Personal information
- Full name: Shivam Rajesh Dube
- Born: 26 June 1993 (age 33) Bombay, Maharashtra, India
- Height: 1.93 m (6 ft 4 in)
- Batting: Left-handed
- Bowling: Right-arm medium
- Role: All-rounder

International information
- National side: India (2019–present);
- ODI debut (cap 228): 15 December 2019 v West Indies
- Last ODI: 14 July 2026 v England
- ODI shirt no.: 25 (previously 70)
- T20I debut (cap 82): 3 November 2019 v Bangladesh
- Last T20I: 17 September 2026 v Afghanistan
- T20I shirt no.: 25 (previously 70)

Domestic team information
- 2016–present: Mumbai
- 2019–2020: Royal Challengers Bangalore
- 2021: Rajasthan Royals
- 2022–present: Chennai Super Kings

Career statistics
| Competition | ODI | T20I | FC | LA |
| Matches | 4 | 66 | 25 | 62 |
| Runs scored | 43 | 1,036 | 1,541 | 1,121 |
| Batting average | 10.75 | 30.47 | 44.02 | 35.03 |
| 100s/50s | 0/0 | 0/6 | 4/9 | 1/3 |
| Top score | 25 | 66 | 121* | 118 |
| Balls bowled | 107 | 560 | 2,732 | 2,050 |
| Wickets | 1 | 34 | 58 | 48 |
| Bowling average | 106.00 | 26.38 | 21.72 | 38.00 |
| 5 wickets in innings | 0 | 0 | 3 | 0 |
| 10 wickets in match | 0 | 0 | 0 | 0 |
| Best bowling | 1/19 | 3/4 | 7/53 | 4/68 |
| Catches/stumpings | 1/– | 24/– | 8/– | 18/– |

Medal record
Men's cricket
Representing India
ICC T20 World Cup
| Winner | 2024 West Indies & USA |  |
| Winner | 2026 India & Sri Lanka |  |
ACC Asia Cup
| Winner | 2025 UAE |  |
Asian Games
| Gold medal – first place | 2022 Hangzhou |  |
- Source: Cricinfo, 1 July 2026

= Shivam Dube =

Indian cricketer (born 1993)

Shivam Rajesh Dube (born 25 June 1993) is an Indian international cricketer. He plays for the India national team as an all-rounder, who bats left-handed and bowls right-arm medium. He represents Mumbai in domestic cricket and Chennai Super Kings in the Indian Premier League. Dube was a member of the Indian team that won the 2024 and 2026 Men's T20 World Cup

==Early life==
Shivam Dube was born on 26 June 1993 in Bombay in Maharashtra. His father Rajesh Dube hails from Bhadohi district in Uttar Pradesh and had migrated to Mumbai for work.

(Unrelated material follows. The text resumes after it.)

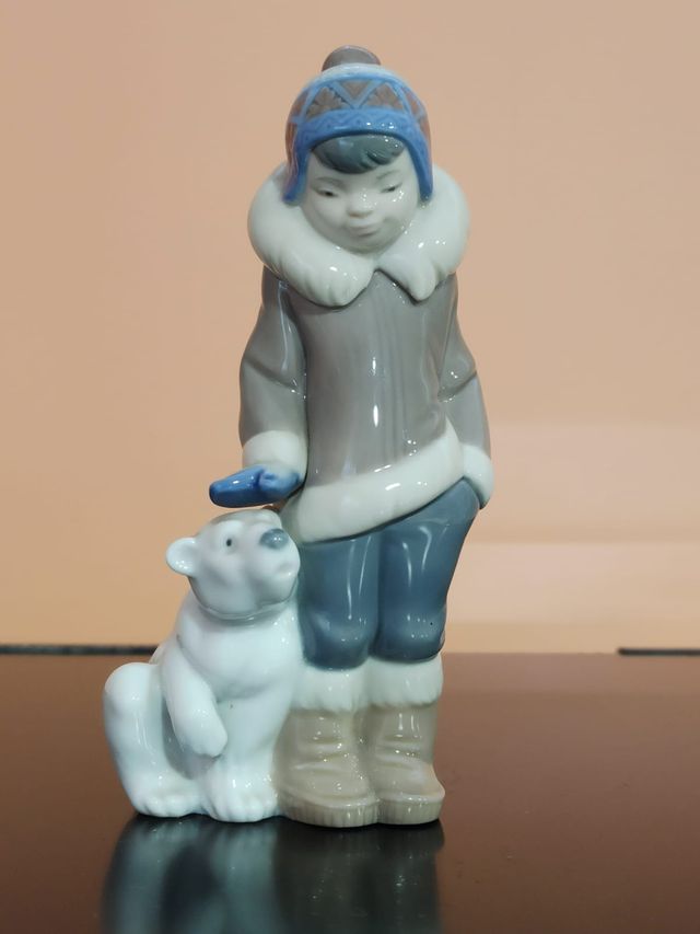 Detalles del productoMagnífica figura Niño Esquimal con Osito Polar de Mascota, de porcelana Lladró 5238.

Dube played school cricket for Hansraj Morarji Public School but had to stop playing at the age of 14 as he was overweight and unable to work on his fitness due to financial constraints. He returned to play at the age of 19 and was soon selected for the Mumbai Under-23s.

==Domestic career==
He made his Twenty20 debut for Mumbai in the 2015–16 Syed Mushtaq Ali Trophy on 18 January 2016. He made his List A debut for Mumbai in the 2016–17 Vijay Hazare Trophy on 25 February 2017.

He made his first-class debut for Mumbai in the 2017–18 Ranji Trophy on 7 December 2017. In the first innings, he took his maiden five-wicket haul in first-class cricket. On 2 November 2018, in Mumbai's match against Railways in the 2018–19 Ranji Trophy, he scored his maiden century in first-class cricket. In his next match, against Karnataka, he took another five-wicket haul, with seven wickets for 54 runs. On 17 December 2018, in the Ranji Trophy match against Baroda, Dube hit five sixes in one over. It was the second time he had scored five sixes in an over, after doing it against Pravin Tambe in the Mumbai T20 League in March, where he was also named the player of the tournament. He was the leading wicket-taker for Mumbai in the Ranji Trophy in 2018, with 23 dismissals in eight matches.

In December 2018, he was bought by the Royal Challengers Bangalore in the player auction for the 2019 Indian Premier League. In February 2021, Dube was bought by the Rajasthan Royals in the IPL auction ahead of the 2021 Indian Premier League. In February 2022, he was bought by the Chennai Super Kings in the auction for the 2022 Indian Premier League tournament.

He was retained by CSK for 4 crores in the 2023 Indian Premier League. He scored 418 runs in 264 balls during the season, with an average strike rate of 158.33, and an average score of 38. His best performance of the season came against his former team RCB, when he scored 52 runs in 27 balls. He went on to win the season with CSK by scoring 32 runs in 21 balls in the final, without losing his wicket.

In the 2024 season of the Indian Premier League, he was retained by CSK for 4 crore. He scored 51 runs in 23 balls against Gujarat Titans in the second match of the season. He was awarded the Player of the Match for this performance.

==International career==
In October 2019, Dube was named in India's Twenty20 International (T20I) squad for their series against Bangladesh. He made his T20I debut for India, against Bangladesh, on 3 November 2019. He registered bowling figures of 3/30 in the third match of the series.

Later the same month, Dube was named in India's T20I and One Day International (ODI) squads for their series against the West Indies. He scored his maiden international half-century in the second T20I, off 27 balls, after coming in to bat at 3. He made his ODI debut for India, against the West Indies, on 15 December 2019.

On 2 February 2020, in the fifth T20I match against New Zealand, Dube bowled the second-most expensive over in a T20I match, conceding 34 runs.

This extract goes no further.